Senin, 31 Desember 2007

e-Learning Berbasis 3G

Implementasi Corporate Social Responsibility Melalui e-Learning Berbasis 3G

(Oleh : Mansur Hidayat, S.Kom)

Corporate Social Responsibility atau lebih terkenal dengan CSR adalah istilah populer yang digunakan untuk mewakili sebuah program bakti sosial sebagai bentuk kontribusi positif dari perusahaan kepada masyarakat. Ada beberapa contoh program CSR yang telah dilakukan beberapa perusahaan ternama di Indonesia belakangan ini. Diantaranya PT Indosat berkerjasama dengan UNDP meluncurkan voucher Mentari Limited Editions bertemakan Voucher Mentari Edisi Anak Indonesia, sebagai bentuk dukungan indosat dalam program Millennium Development Goals (MDGs) yang salah satunya berkonsentrasi pada pembangunan bidang pendidikan. Selain itu PT Indosat juga menyelenggarakan Program Peningkatan Kompetensi Guru IPA dan Matematika bekerja sama dengan Universitas Andalas, Universitas Bung Hatta dan Universitas Negeri Padang, Sumatera Barat.
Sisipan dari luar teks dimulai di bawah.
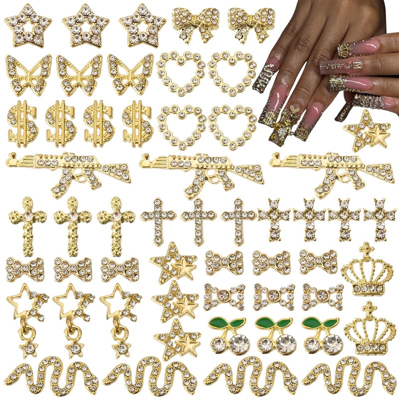 - Nail Charms Bulk: Introducing our nail charms and supplies collection, featuring 18 styles of gold nail charms—four pieces of each style, perfect for adding a touch of luxury and elegance to your manicures.

Kemudian perusahaan lain pelaksana CSR adalah PT. Sampoerna yang membagikan banyak beasiswa pendidikan melalui Sampoerna Foundations, selain itu juga ada renovasi sekolah yang dilakukan oleh BNI dan masih banyak lagi.

Selain PT Indosat, operator telekomunikasi lainya yang identik dengan teknologi tinggi, kreatifitas dan inovasi serta ketersediaan rupiah yang tidak sedikit juga tidak ketinggalan memeriahkan ajang pengabdian kepada masyarakat lewat CSR. Diantaranya PT Telkom yang secara aktif melakukan usaha pemerataan informasi dan penetrasi jaringan internet di sekolah-sekolah yang mempunyai kondisi geografis dan infrastruktur tertinggal. Kerjasama Mobile-8 dengan berbagai institusi pendidikan di Tanah Air, salah satunya adalah akses gratis ke portal dikmenjur bagi seluruh sekolah menengah kejuruan di Pulau Jawa dan akses portal gratis bagi mahasiswa Universitas Jember dalam menunjang program belajar dan mengajar di lingkungan universitas tersebut.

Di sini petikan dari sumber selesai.